## Data block
»»

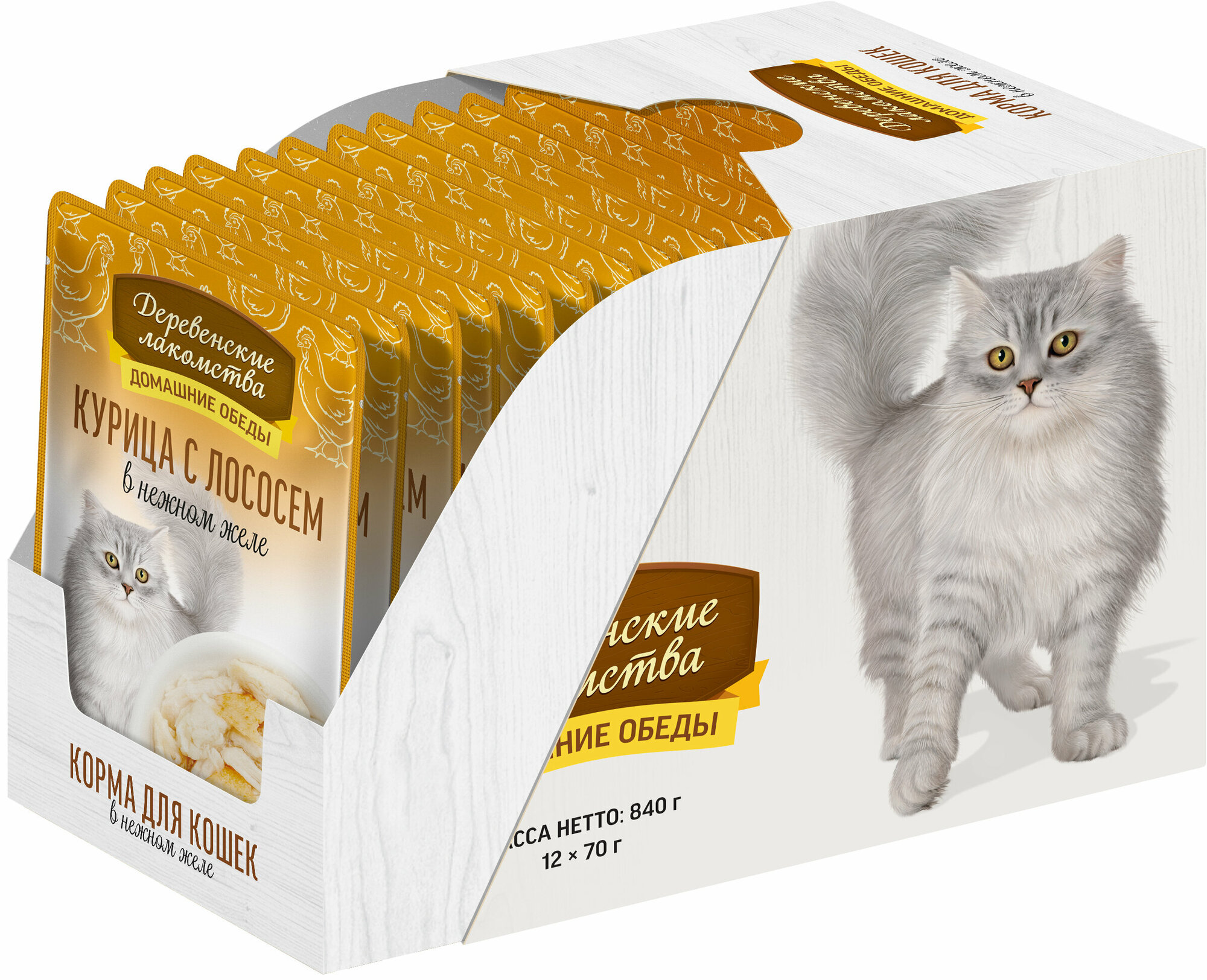 Влажный корм для кошек "Деревенские лакомства" курица с лососем в нежном желе 70 гр.*12 шт. информация:
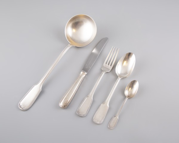 Estimation:80/120 SAINT MEDARD. Partie de ménagère en métal argenté, modèle Perles, comprenant 47 pièces : 12 couverts de service (12 couillères et 12 fourchettes), 12 couteaux, 10 petites cuillères et une louche.
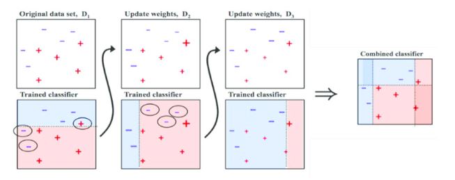 두 번째 그림에서 + 가 커진 것을 볼 수 있습니다. 가중치가 부여된 것이죠. 그리고 또 다른 classifier가 예측을 했는데 틀린 부분에 대해서 또 가중치를 부여합니다.
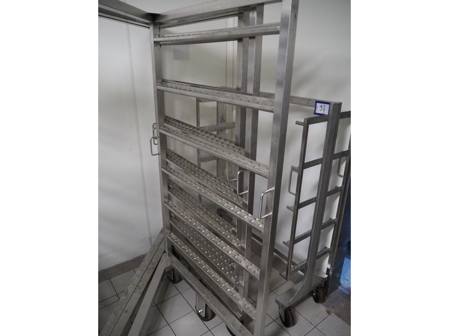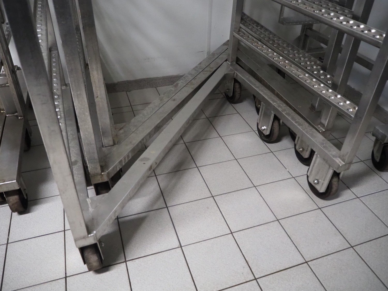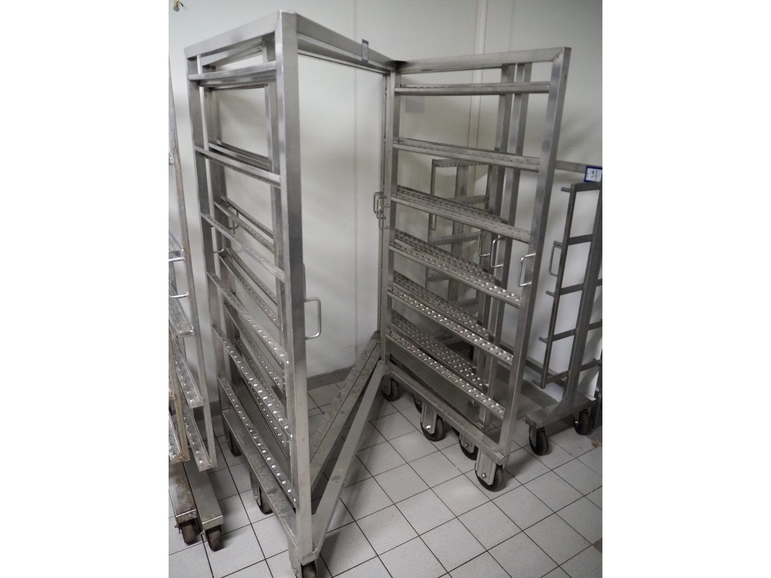 3 s/s smoke trolleys, Z-model, 6 floors, dimensions floors: (6x) 1000 mm x 940 mm, total dimensions: (3x) 1020 mm x 1020 mm x 1900 mm.

««

## Aim of the task
Copy the data verbatim, skipping any image it holds.

## Response to the exercise
 Влажный корм для кошек "Деревенские лакомства" курица с лососем в нежном желе 70 гр.*12 шт. информация:
 Estimation:80/120 SAINT MEDARD. Partie de ménagère en métal argenté, modèle Perles, comprenant 47 pièces : 12 couverts de service (12 couillères et 12 fourchettes), 12 couteaux, 10 petites cuillères et une louche.
 두 번째 그림에서 + 가 커진 것을 볼 수 있습니다. 가중치가 부여된 것이죠. 그리고 또 다른 classifier가 예측을 했는데 틀린 부분에 대해서 또 가중치를 부여합니다.
 3 s/s smoke trolleys, Z-model, 6 floors, dimensions floors: (6x) 1000 mm x 940 mm, total dimensions: (3x) 1020 mm x 1020 mm x 1900 mm.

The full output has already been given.